DeltaG_"mix"^"id" + TDeltaS_"mix"^"id" = bb(DeltaH_"mix"^"id")

$= R T {\sum}_{i} {n}_{i} \ln {\chi}_{i} - R T {\sum}_{i} {n}_{i} \ln {\chi}_{i} = \boldsymbol{0}$

where ${\chi}_{i} = \frac{{n}_{i}}{{n}_{1} + {n}_{2} + . . . + {n}_{N}}$ is the $\text{mol}$ fraction f $i$ in solution.

IDEALLY-DILUTE SOLUTIONS

In this scenario, there is very little solute and a lot of solvent.
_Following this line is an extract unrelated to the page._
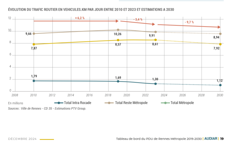 Ainsi, si la ligne B du métro, l'essor du réseau Star (+17 % de fréquentation et +16 % d'offre depuis 2019) ainsi que l'essor du vélo via la naissance d'infrastructures sécurisées sont des succès notables, le défi reste conséquent... et toujours plus urgent : l'empreinte climat de la route à Rennes a augmenté de 6 % depuis 2010.

In this case, we differentiate between the solute and solvent and explicitly write solute as $i$ and solvent as $A$, giving us similar quantities as before.

For the solutes:

bb(DeltaV_"mix"^"id") = sum_(A) n_Acancel((barV_A - barV_A^"*"))^0 + bb(sum_(i ne A) n_i(barV_i - barV_i^"*"))
bb(DeltaG_"mix"^"id") = sum_(A) n_Acancel((mu_A - mu_A^"*"))^0 + bb(RTsum_(i ne A) n_ilnchi_i)
bb(DeltaS_"mix"^"id") = sum_(A) n_Acancel((-((delmu_A)/(delT))_(P, n_(A ne B)) - -((delmu_A^"*")/(delT))_(P, n_(A ne B))))^0 + bb( -Rsum_(i ne A) n_ilnchi_i)
bb(DeltaH_"mix"^"id") = sum_(A) n_Acancel((barH_A - barH_A^"*"))^0 + bb(sum_(i ne A) n_i(barH_i - barH_i^"*"))

For the solvents:

They behave like the pure $A$ (i.e. by itself, not in solution), since in an ideally-dilute solution, there is mostly solvent. So, they follow the same equations as in ideal solutions, just with a different subscript, $A$ instead of $i$ or $j$.